Самый закоренелый злодей вряд ли бы остался равнодушен, глядя на эту прелестную девушку и слыша, как она утешала отца свои нежным голосом, в котором так и дышала глубокая любовь и детская преданность.
И шевалье не устоял. В нем заговорила совесть, заставив почувствовать адские муки. Анжела показалась ему светлым ангелом, перед которым исчезло, как темный туман, безумное его ослепление, и он в ужасающей наготе увидел свое настоящее, одинокое положение в этом мире.
И теперь, когда мрак этого, жившего в его душе ада внезапно озарился чистым, светлым лучом, показавшем, что существуют на свете небесное блаженство и счастье, его душевная пытка стала вдвое ужаснее и мучительней.
Менар не любил ни разу. Увидя Анжелу, почувствовал он себя охваченным самой пылкой страстью, которая, однако, вместо счастья, посылала ему одно горе, так как была совершенно безнадежна. И в самом деле, мог ли надеяться на счастье взаимной любви человек, начинавший знакомство с чистой, невинной девушкой, почти ребенком, при таких обстоятельствах?
Менар хотел что-то сказать, но слова не шли, точно он лишился языка. Наконец, с усилием овладев собой, воскликнул он дрожащим голосом:
— Синьор Вертуа! Я не выиграл у вас ничего! Вот моя шкатулка! она принадлежит вам! И не одна она!.. нет, нет! Я ваш должник навеки! Берите ее, берите!
— Дитя мое! — заговорил было Вертуа, но Анжела, быстро поднявшись, подошла в Менару и с гордостью взглянув на него, сказала:
— Знайте же, шевалье, что есть сокровище дороже золота и серебра! Это то, незнакомое вам чувство, которое заставляет нас с презрением отказаться от вашего подарка и, несмотря на это, сохранить душевное спокойствие! Оставьте у себя ваши деньги, на которыми тяготеют проклятья разоренных вами, бесчестным и бессердечным игроком!

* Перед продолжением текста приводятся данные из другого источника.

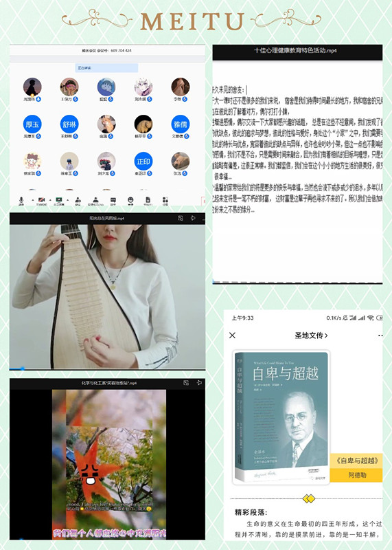 心理防疫作品征集活动:同学们把自身或别人经历的心理困惑和心理调节、疏导的过程以及心理调节小技巧,以文章、微课、小游戏、情景表演和图画等方式表现出来,见证心理的成长,发现成长的动力。
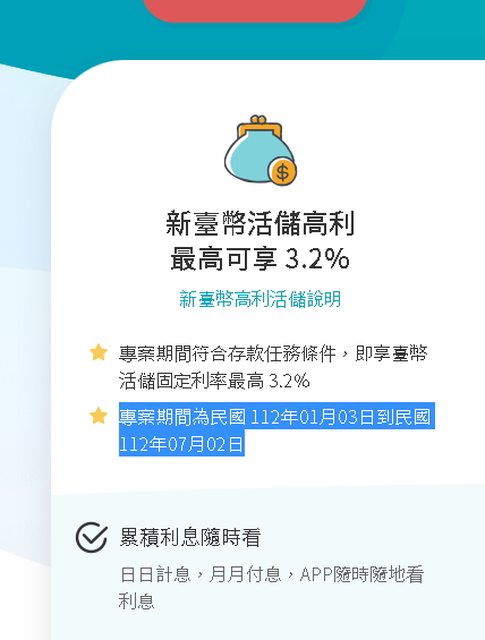 以此圖為例,意思是我必需在7/2之前開戶申辦才有這3.2%?
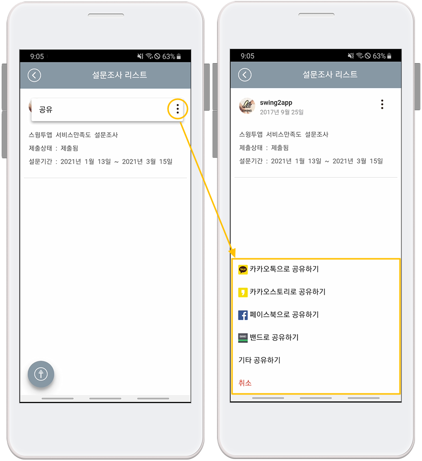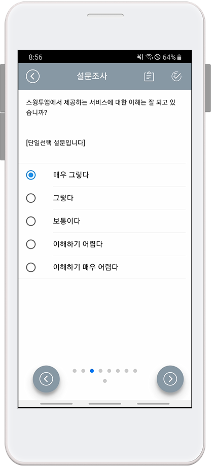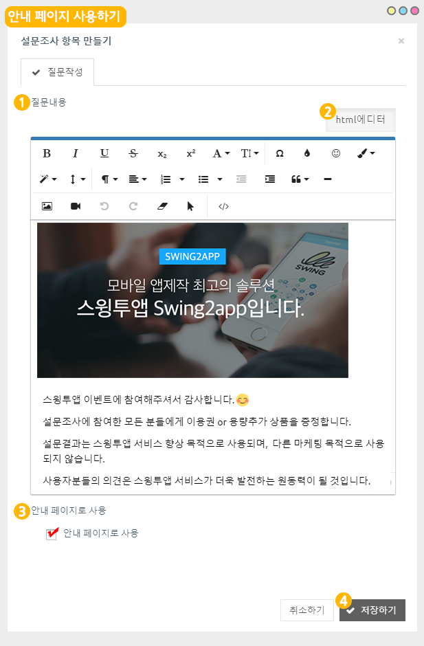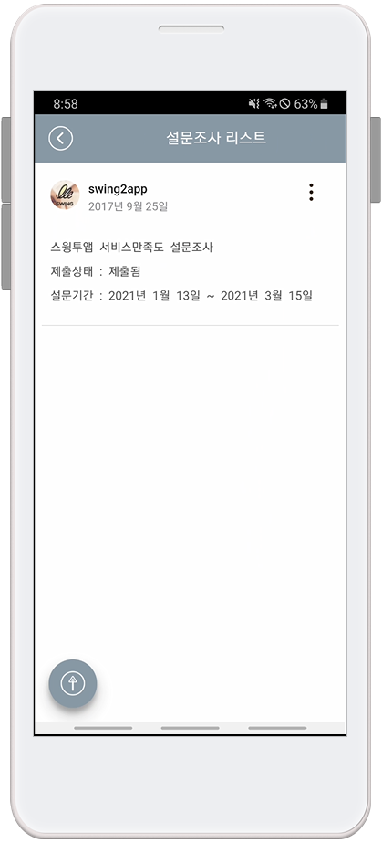 설문조사 관리 기능은 스윙투앱 사용자라면 누구나 다 사용가능하시기 때문에 매뉴얼 대로 차근차근 따라하신다면 금방 앱 전문가가 되실 수 있을 거에요 ^^
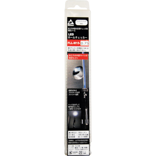 카탈로그 품번:FLL-M15-0.75 특징:●가공 구멍 내면의 마무리 상태등이나 크로스 구멍, 내경의 안쪽에 발생하고 있는 버나 작은 구멍의 안쪽에 버가 혼동되어 있지 않은지를 확인하는 공구입니다. ● 광섬유 소선을 채용하고 있기 때문에 내구성도 있고, 구멍 내 측면도 조명 할 수 있습니다. ●3단 전환(100%, 50%, 점멸)의 기능을 탑재한 LED 라이트로서도 사용할 수 있습니다. ● 헤드 부의 광섬유는 원하는 길이로 잘라 사용하실 수 있습니다. ● 다른 사이즈의 헤드로 교환 가능합니다. 용도: ●시판의 라이트에서는 확인하기 어려운 좁은 부분에. 사양:●밝기(lm):100●전원(V):단 4형 알칼리 건전지×1개(별매) ●전체 길이(mm):545●헤드 직경(mm):0.75●코드 길이(m):450 6 ●최대 점등 시간(h):6(점멸), 4(약), 1.5(강) ●최대 점등 시간:6시간(점멸), 4시간(약), 1.5시간(강) ●보호 등급:IPX4 세트 내용/부속품:●FLL-M15×1개, H450-0.75×1개 주의해: 별도 구입하세요.
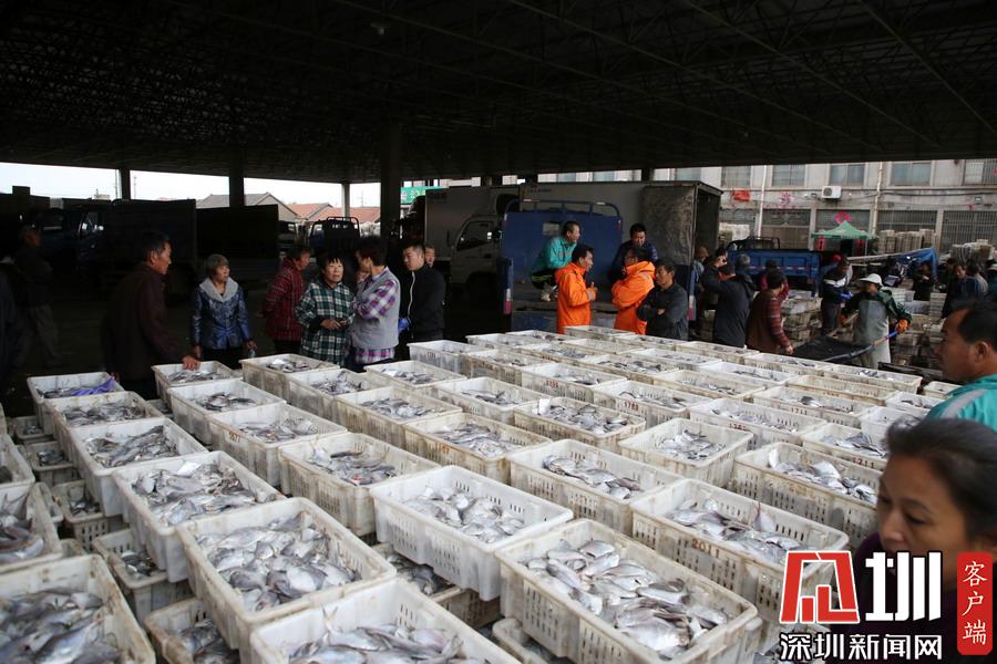 一筐筐的刀魚、鯧魚、鲅魚,很快被運(yùn)輸?shù)脚R近的興海門海鮮批發(fā)市場,市場里人頭攢動、熙熙攘攘,就像趕年集一般,一派購銷兩旺的景象。
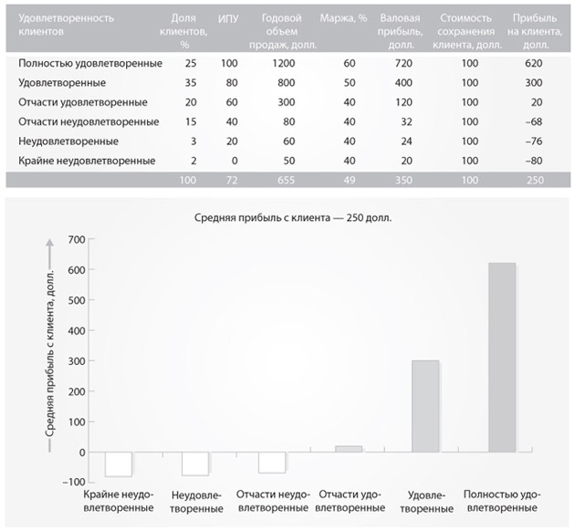 Еще более впечатляет роль полностью удовлетворенных клиентов в получении прибыли
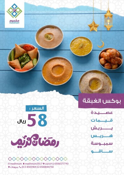 لمدة يومين خصم 50% من ”مطعم مشموم“ بسيهات والقطيف فطور رمضاني مكان للصلاة في فرع سيهات سحور متنوع توصيل مجاني عن طريق الطلب عبر الموقع الالكتروني . |
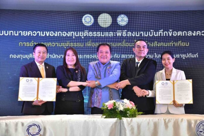 และเพื่อให้การทำงานช่วยเหลือประชาชนให้สามารถเข้าถึงกระบวนการยุติธรรมได้อย่างทั่วถึงและมีมาตรฐานเดียวกัน จึงจำเป็นอย่างยิ่งที่จะต้องมีการพัฒนาระบบงาน ระเบียบหรือหลักเกณฑ์แนวทางต่างๆ ให้ทันสมัย พร้อมทั้งพัฒนาระบบทนายความของกองทุนยุติธรรม ให้สามารถขับเคลื่อนได้อย่างเป็นรูปธรรมและมีประสิทธิภาพมากยิ่งขึ้น สภาทนายความ ในพระบรมราชูปถัมภ์ และ กองทุนยุติธรรม สำนักงานปลัดกระทรวงยุติธรรม จึงได้ร่วมลงนามบันทึกข้อตกลงความร่วมมือ (MOU) เรื่อง “การอำนวยความยุติธรรม เพื่อลดความเหลื่อมล้ำ สร้างสังคมเท่าเทียม”

— Да! — воскликнул вне себя Менар, дико озираясь. — Вы правы! Пусть я буду проклят и осужден на вечные муки, если хоть когда-нибудь снова коснусь карт! Но если вы, Анжела, оттолкнете меня и после этой клятвы, то в моей гибели будете виновны вы одни! О, вы меня еще не знаете! Вы можете считать меня безумцем, но что скажете вы тогда, когда я буду лежать у ваших ног, бездыханный, с простреленной головой! Теперь дело идет уже о жизни или смерти! Прощайте!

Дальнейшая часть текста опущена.